В контексте развития дискурса о преступлениях нацистов необходимо упомянуть о широких общественных дебатах, продолжавшихся в 1965–1979 годах вокруг проблемы истечения срока давности по тяжким убийствам (Verjährungsdebatten). Согласно немецким законам, срок исковой давности в отношении преступлений, наказуемых пожизненным заключением, истекал через 20 лет после окончания войны — 8 мая 1965 года[196]

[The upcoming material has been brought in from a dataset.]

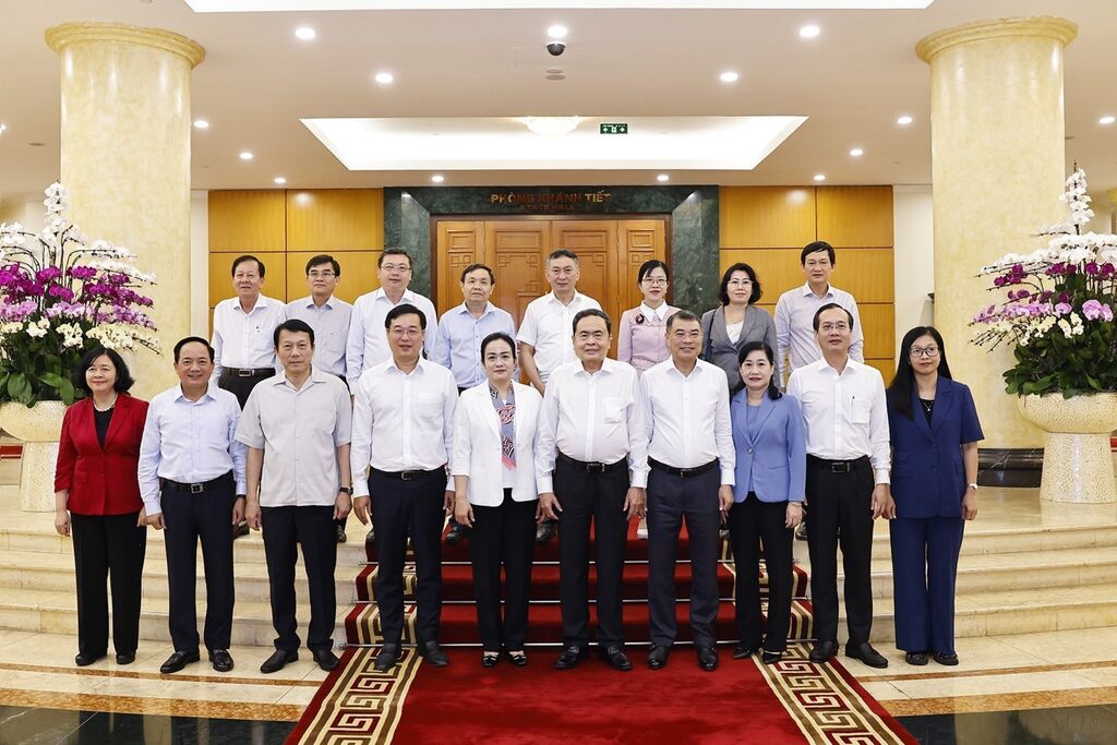 | Le président de l'Assemblée nationale, Trân Thanh Mân, avec la permanence du Comité provincial du Parti de Dông Thap. |

. В результате ожесточенных дискуссий в бундестаге применение срока давности к тяжким убийствам, обвинения в которых предъявлялись большинству причастных к нацистским преступлениям, было отложено на четыре года и восемь месяцев до конца 1969 года. Это вызвало бурное недовольство немецкой и зарубежной общественности (особенно сильную негативную реакцию это решение вызвало в СССР, Польше, Франции, Нидерландах и других странах, подвергшихся нацистской агрессии)[197]. Общественное мнение настаивало на полной отмене ограничений, и 4 августа 1969 года 9‐й Закон об изменении уголовного права ФРГ отменил срок давности для уголовных преследований за геноцид (§ 220а), а также продлил срок давности за тяжкие убийства с 20 до 30 лет — до 31 декабря 1979 года. Однако в июле 1979 года после 11-часовых дебатов бундестаг 255 голосами против 222 принял окончательное решение об отмене срока давности в отношении преднамеренных убийств[198].Примечательно, что в данном вопросе гражданское общество и политические элиты опережали массового наблюдателя. Хотя 91% немцев признались социологам из Института Алленсбаха в 1979 году, что они слышали о вступлении в силу срока исковой давности в отношении преступлений, совершенных в период национал-социалистического правления, поддержка свершения правосудия среди немецкого большинства была не слишком высока. В январе 1969 года всего 23% опрошенных высказались за продолжение судебных разбирательств в отношении нацистских преступников. В 1978 году поддержка уголовных преследований оставалась приблизительно на том же уровне. Однако в начале 1979 года, в контексте возобновившихся дебатов о прошлом, она возросла до 36%, достигнув, что особенно важно, 40% среди немцев 16–44 лет (
Западногерманская историческая наука не оставалась в стороне от осмысления массовых преступлений нацистов. Количество исторических исследований нацистской массовой системы уничтожения существенно возросло в 1970‐е годы, когда в период расцвета общего интереса к истории повседневности наряду с публикациями о судьбах жертв Третьего рейха стали появляться работы об эскадронах и лагерях смерти, о войне на уничтожение на Восточном фронте, значительно обогатившие историографию Третьего рейха. С конца 1970‐х годов в издательстве Fischer стала выходить так называемая «черная серия» — книги карманного формата в черно-белых обложках, посвященные теме нацистского прошлого. В серии, носившей с 1988 года официальное название «Время национал-социализма», было издано более 250 работ, разоблачавших преступления Третьего рейха[200]
.В последующие десятилетия исследования нацистских преступлений получили значительное развитие. Новая волна публикаций включала биографические исследования (к примеру, в 1996 году вышли биографии обергруппенфюрера СС и рейхскомиссара оккупированной территории Дании в 1942–1945 годах Рудольфа Вернера Беста и шефа гестапо Генриха Мюллера), исследования нацистской системы концентрационных лагерей Вольфганга Софски, Ульриха Герберта, Карин Орт, Кристофа Дикмана, а также исследования основных институтов (например, исследование Михаэля Вильдта Службы безопасности рейхсфюрера СС, опубликованное в 2003 году)[201]
. Историки Вальтер Маношек, Дитер Поль, Томас Зандкюлер, Кристиан Герлах, Богдан Музиал, в свою очередь, стремились понять, какие конкретные местные факторы внесли свой вклад в развитие политики геноцида в оккупированной Восточной Европе и как эти факторы взаимодействовали с политическими директивами из Берлина[202].В то же время авторы художественных и научных текстов все чаще обращались к психологическим аспектам преступлений. Немецкие и зарубежные исследователи — Гётц Али, Сюзанна Хайм, Кристофер Браунинг, Йона Гольдхаген, Пауль Герхард и другие — сходились в мнении, что участие в массовых убийствах было довольно широко распространенным, осознанным и добровольным и что сами палачи были по большей части «нормальными» людьми[203]
. Скрытая угроза «банальности зла» постепенно сделала фигуру палача одной из ключевых в научных исследованиях и в общественном дискурсе.